- What the task requires:
Before anything else, drop the pictures; then return exactly the lines from the top of the listing through the line with "复古港味毛衣开衫女2022新款春秋洋气拼色宽松慵懒...".

*** Dataset ***

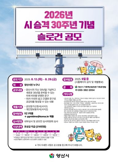 [경남도민뉴스=최미정 기자] 양산시는 2026년 시 승격 30주년을 기념하여 시민과 함께 만들어가는 슬로건 공모를 8월 12일부터 8월 29일까지 실시한다.
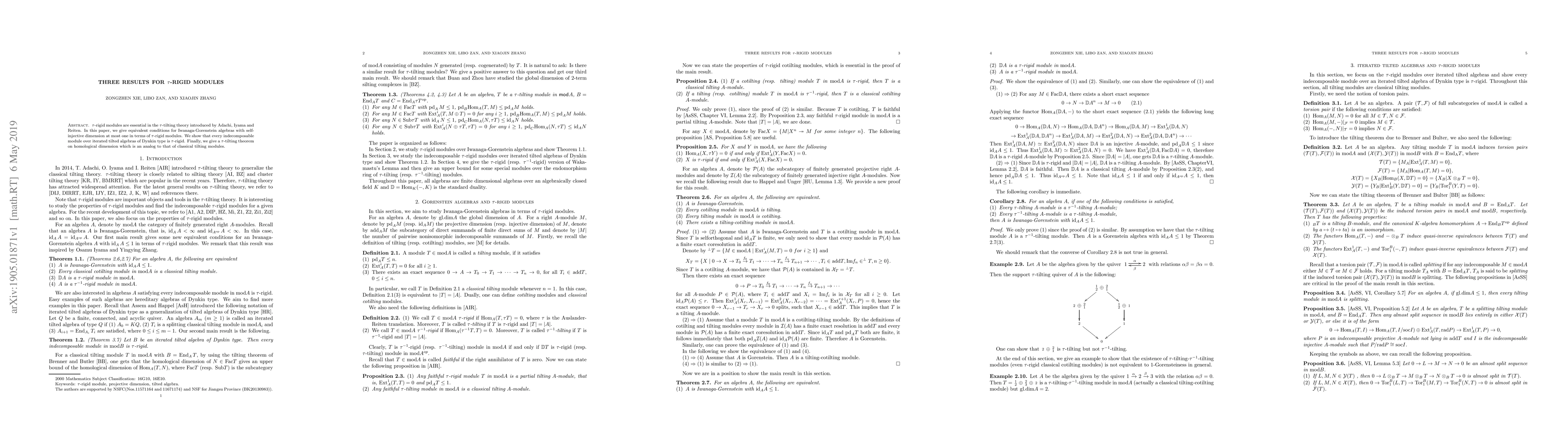 This paper explores $\tau$-rigid modules in $\tau$-tilting theory, proving equivalent conditions for Iwanaga-Gorenstein algebras and demonstrating that every indecomposable module over iterated tilted algebras of Dynkin type is $\tau$-rigid, along with a $\tau$-tilting theorem on homological dimension.
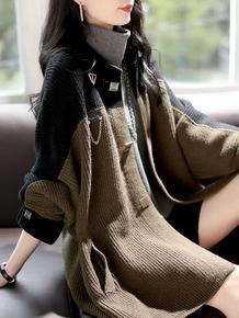 复古港味毛衣开衫女2022新款春秋洋气拼色宽松慵懒...
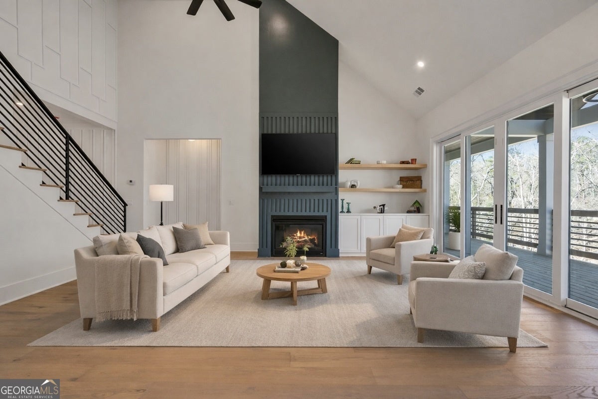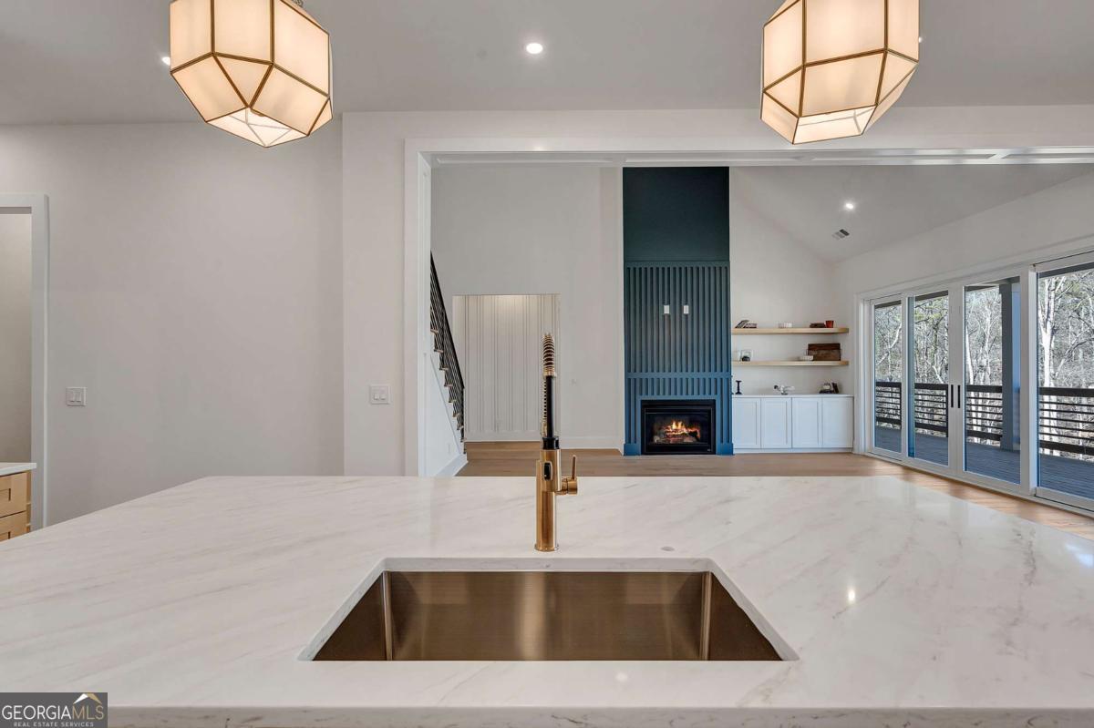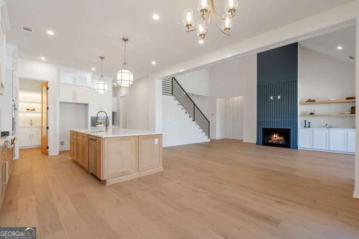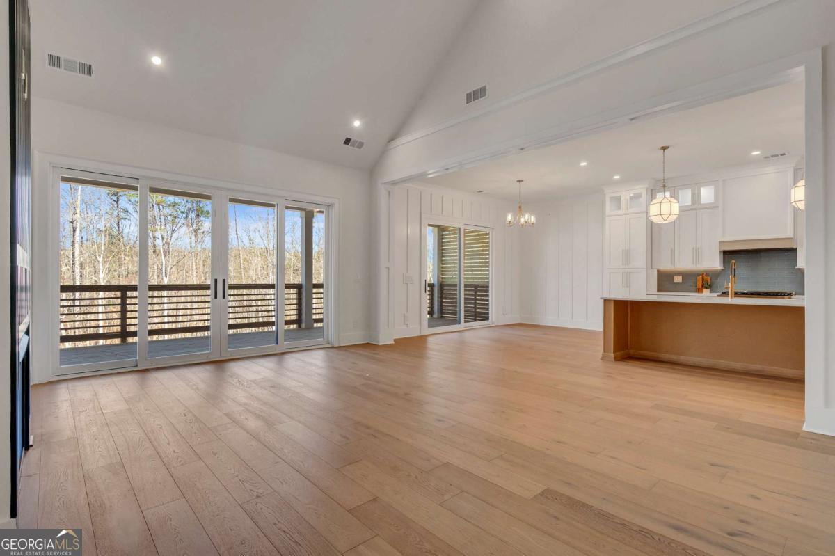 This exceptional luxury new construction home is ideally located near Lake Lanier and has possible $10,000 incentives! Just minutes from GA 400 at Exit 16, offering lake views, lake proximity, and effortless access to dining, marinas, and everyday conveniences. Thoughtfully designed and beautifully executed, this home blends elevated finishes with functional living in a highly desirable North Georgia setting. Step into the foyer and immediately experience the home's open-concept layout and soaring high ceilings, creating a bright, airy atmosphere that feels both grand and welcoming. Designer details and luxury finishes are evident throughout, setting the tone for refined yet comfortable living. The expansive main level seamlessly connects the kitchen, living, and dining spaces, ideal for entertaining and everyday life alike. The living area is anchored by large windows and oversized doors that open to a covered patio, creating effortless indoor-outdoor living and inviting the surrounding lake scenery inside. The chef's kitchen is a standout, featuring two-tone cabinetry, high-end appliances, a large center island, and a spacious walk-in pantry with LED lighting and built in storage. A well-appointed butler's pantry adds additional prep and storage space, while the laundry room and mudroom off the garage provide seamless functionality without compromising design. The primary suite on the main level offers a private retreat with direct access to the outdoor living space, a spa-inspired bathroom featuring a double shower, and a custom closet with built-in storage. An additional main-level bedroom and full bathroom offer flexibility for a home office, guest suite, or multi-generational living. Upstairs, you will find three additional bedrooms and two full bathrooms, including a generously sized bedroom that can easily function as a bonus room, media space, or flex area. The home also features a full daylight walkout basement, providing endless potential for future expansion. Additional highlights include a large driveway, a side-facing garage, and thoughtful exterior design that enhances both curb appeal and functionality. With luxury finishes, high ceilings, new construction quality, and an unbeatable location near Lake Lanier with quick access to GA 400, this home offers a rare opportunity to enjoy elevated living without compromise.
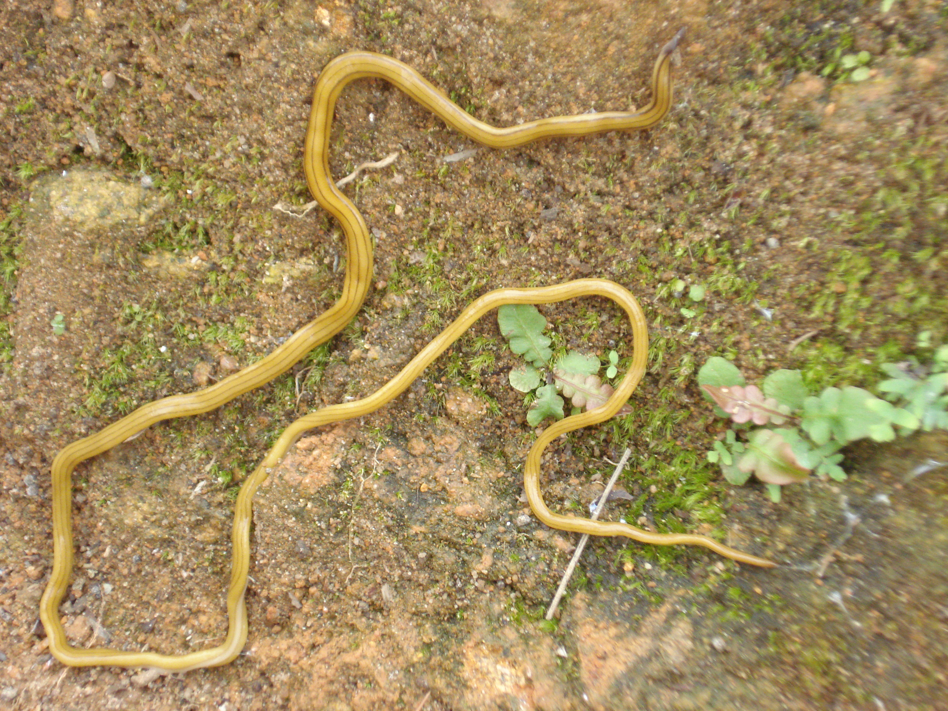 非 非缘是缘 学前班 注册 2010-09-25 消息 33 反馈评分 0 点数 0 2010-12-19 #1 今天去爬山在山上看到的,不知是蛇还是蚯蚓,感觉都不像,它的头是深灰色呈梅花状片型的,也没有眼睛,身体的颜色特别鲜艳,体宽约 5~7mm,体长约300mm。不知道你们有没有见过此类生物,是什么来的? 附件 DSC02724.JPG 2.9 MB · 查看: 490
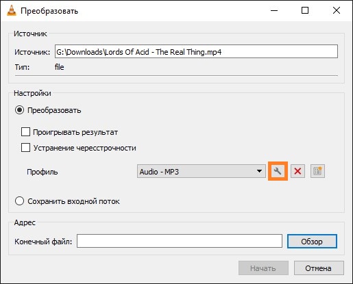 - Теперь, в самом низу, где находится раздел «Адрес» и «Конечный файл«, указываем место, куда нужно сохранить получившийся файл, нажав на кнопку «Обзор«

***

- Problem solution:
 [경남도민뉴스=최미정 기자] 양산시는 2026년 시 승격 30주년을 기념하여 시민과 함께 만들어가는 슬로건 공모를 8월 12일부터 8월 29일까지 실시한다.
 This paper explores $\tau$-rigid modules in $\tau$-tilting theory, proving equivalent conditions for Iwanaga-Gorenstein algebras and demonstrating that every indecomposable module over iterated tilted algebras of Dynkin type is $\tau$-rigid, along with a $\tau$-tilting theorem on homological dimension.
 复古港味毛衣开衫女2022新款春秋洋气拼色宽松慵懒...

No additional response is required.